Do you know the SIGNs of your Strengths?

Liesel Teversham

Liesel helps HSP introverts to embrace their sensitivity as a superpower, and overcome obstacles so they can thrive. She also works with clients to solve their health issues, and has authored 2 books. More here.

Published on 2019/03/08

We’re taught in so many places that there’s something wrong with us. We get this message from a very early age through parents and other adults. Later on, we learn that we need to improve, develop, grow, stretch ….

And while that’s true, we don’t hear the message that there’s 
already a lot RIGHT with us. That we already have strengths and beautiful talents.

Due to all the programming in our early years, some of us find it hard to figure out what our strengths are. Others don’t believe they have ANY strengths.

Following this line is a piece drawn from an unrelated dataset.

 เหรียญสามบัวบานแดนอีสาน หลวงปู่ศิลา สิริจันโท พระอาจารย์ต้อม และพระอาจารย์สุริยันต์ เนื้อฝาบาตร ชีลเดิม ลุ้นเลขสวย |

The simple truth is: we ALL have strengths. And when we use them, we are in that amazing state called “Flow” – where time stands still, we are in love with life, and we are energized and inspired. Where we don’t care about the outcome, because we simply LOVE what we are doing.

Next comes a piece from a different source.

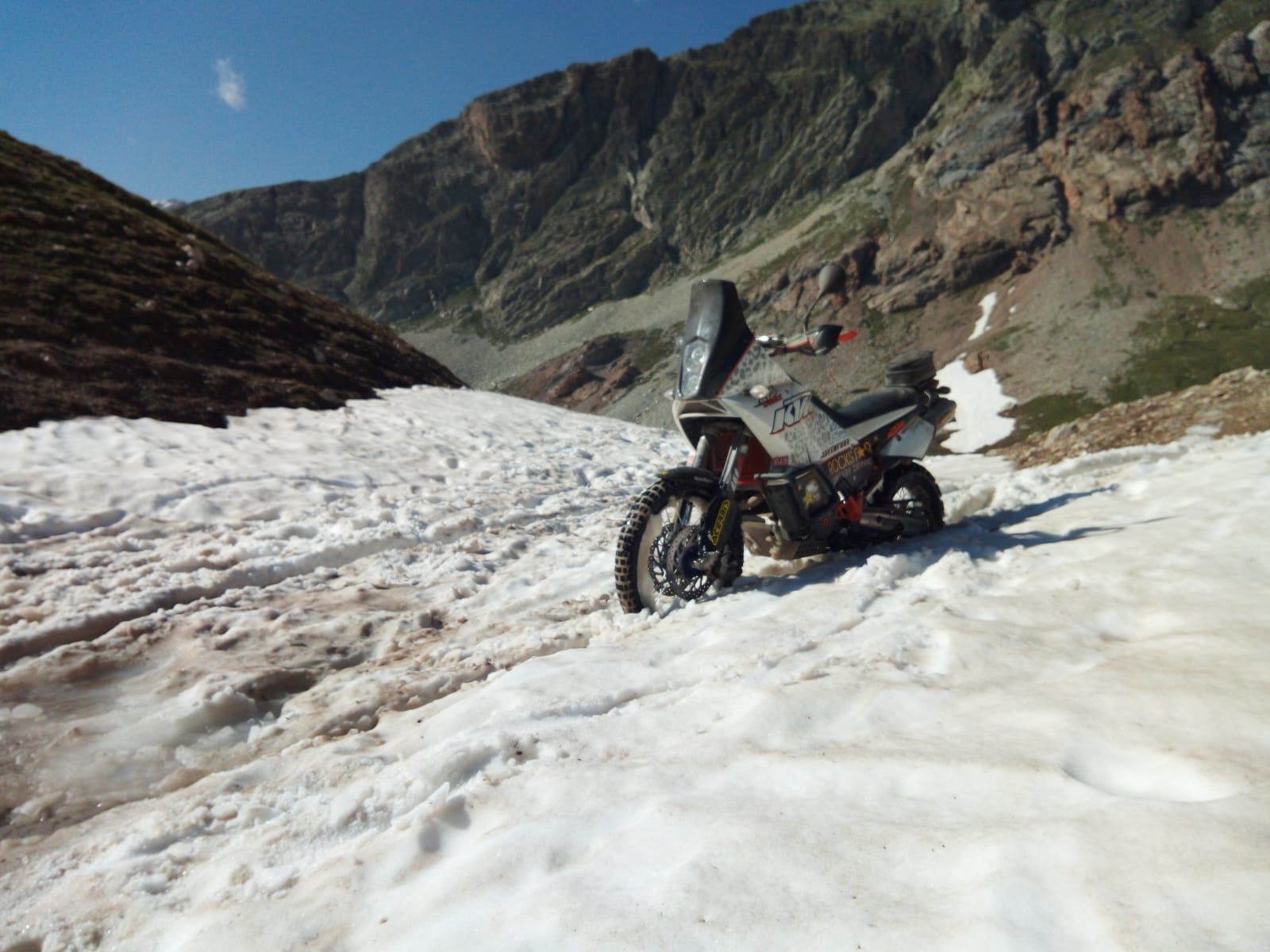 Anfahrt vom Kanton Bern Richtung Wallis am Freitag Nachmittag mit Zwischenübernachtung im wunderschönen Evionnaz (Herberge o.k. und sehr günstig für die Schweiz: 50CHF). Dann am Samstag bei 38°C "Abkürzung über eine Mountainbikepiste in Salvan/Le Cerisier nach Finhaut Richtung MontBlanc. Dann über Chamonix, Cormet de Roselend, Iseran, MontCenis, Susa zum Camping Gran Bosco in Salbertrand. Die Rally-Truppe hatte sich ja schon installiert und im Laufe der Woche trudelten noch mehr LC8ten und sonstiges Gebrumm ein. Wir haben dann gemütlich zu zweit ein paar Touren unternommen (Finestre/Assietta, Sommelier, Lago Nero) sind einmal mit der Truppe ausgeritten (wobei das hat sich nach zehn Minuten erstmal etwas verzögert weil eine 990er streikte), mit denen wir es dann doch noch bis Lac Mont Cenis hinaufgeschafft haben. Ich wie immer ganz hinten Lumpensammler gespielt und ein Franzose hat sich dann auch prompt in ein entgegenkommendes Affentwin-Paar verkeilt. Zum Glück nix schlimmes passiert ausser ein paar verbogenen Teilen, Schrammen und einer schockierten Sozia. Danach ward die Truppe vom Winde verweht und wir fuhren zu viert das nächste Refuge an, um die Plautze zu füllen. Wir sind dann gemütlich weitergfahren (Mont Cenis - echt lässig da oben) und haben den Nachmittag ausklingen lassen. Mein Bedarf an Grossgruppe war dann erstmal wieder gedeckt, woraufhin wir am nächsten Tag eine Tour zum Lago Nero (Hammer!) machten. Irgendwann sind wir dann auch noch das Valle d'Argentere (auch ganz toll) hochgefahren - das kostet zwar 3€, aber das ist es wert. Zwischendrin mal die Gegend erkundet und ein paar Sackgassen gefinden.

 How to discover your strengths:

The easiest way is to do the Clifton StrengthsFinder Assessment, and get your Top 5 or Full 34 list of strengths. More than 20 million people world wide have taken the assessment and are building on their strengths. 

If you can’t do that right now, here are a few clues for the SIGNs of your strengths.

 S – Success

Consider the things, projects, tasks, areas of life you’ve had success with. Strengths usually help us to be successful with certain things. You’ll also receive great feedback from others in the areas of success. It’s not just your subjective feeling – others will notice it too.

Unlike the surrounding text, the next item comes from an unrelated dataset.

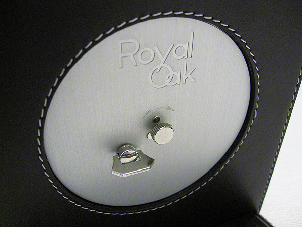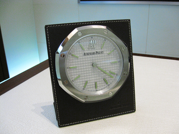 這一個Royal Oak皇家橡樹桌鐘,是小編在專賣店中所發現的特殊商品,原本以為內部是採用石英機芯,但是店方人員特別說明是採用手上鍊機芯,且具有七天的動力儲存功能,令小編精神為之一振,請店員特別從展示櫃中取出拍照。

? Example: I have 2 degrees and find it easy to learn. I have multiple certifications in different healing methods and other areas. You could say I’ve had “success” in the area of acquiring new knowledge. My #2 Strength is “Learner”.

Be aware that “success” in itself is not the only indicator for a strength. Sometimes we get really good at something (it appears to be success) yet we hate doing it. Be sure to consider the other pointers too.

 I – Instinct

What do you look forward to?

Is there something that you always find yourself volunteering for?

It’s like we have the “instinct” to be busy with activities where we can use our strengths. We can’t help offering uor time, energy, attention in the areas of our strengths.

? Example: I find myself offering help and support for people in emotional pain. Time and time again, I put up my hand for that, and it happens so quickly I don’t even notice it. I have 3 Gallup strengths contributing to this tendency: Empathy (I’m in touch with and feel the other’s pain), Individualization (that senses a need and wants to help find a unique solution) and Responsibility (that offers “Give that to me, I can do it.”).

 G – Growth

We grow very easily in the areas of our strengths. It’s virtually no effort, we LOVE learning more about that topic or area. Our neural networks are receptive to more knowledge, skill, expertise and mastery in that specific area – mainly because we’ve already built up huge, strong neural pathways in those areas.

? Example: I find it very easy and enjoyable to learn new things. I keep wanting to learn more, and it gets easier as I grew older. The same with showing empathy for people who are hurting. It’s easy for me to learn new methods to support people who are going through hard things – my Empathy neural networks are already strong, so it’s a breeze to keep adding to those existing pathways.

 N – Need

When a need is met, we feel fulfilled afterwards. Think about when you’re hungry and you have a meal – a “full”, satisfied feeling afterwards. The food also provides us with ENERGY.

It’s the same with our strengths. Our strengths create needs in us – or as my strengths mentor says – a strength IS a need. When our strengths are working, we feel fulfilled and ENERGIZED after the activity where we used them.

Yes, we might be a little tired (a normal kind of tired) if we worked many hours at this activity – yet, we’re ready the next day to do it again!

? Example: I feel happy, energized, fulfilled, satisfied after supporting someone who has carried an emotional burden. Or every time I learned something new, BOY, does that fulfill a need and feel satisfying!

 Now it’s your turn:

? Think about your daily activities.

? Go through the above questions and identify activities, tasks or projects where you have had success, have an ‘instinct’ for it, find it enjoyable to grow in that area, and feel like it fulfills a need.

? Those are possible areas of strength for you.

? Do more of those – your life will be more purposeful, fulfilling and you’ll exude happiness that spills over to those around you.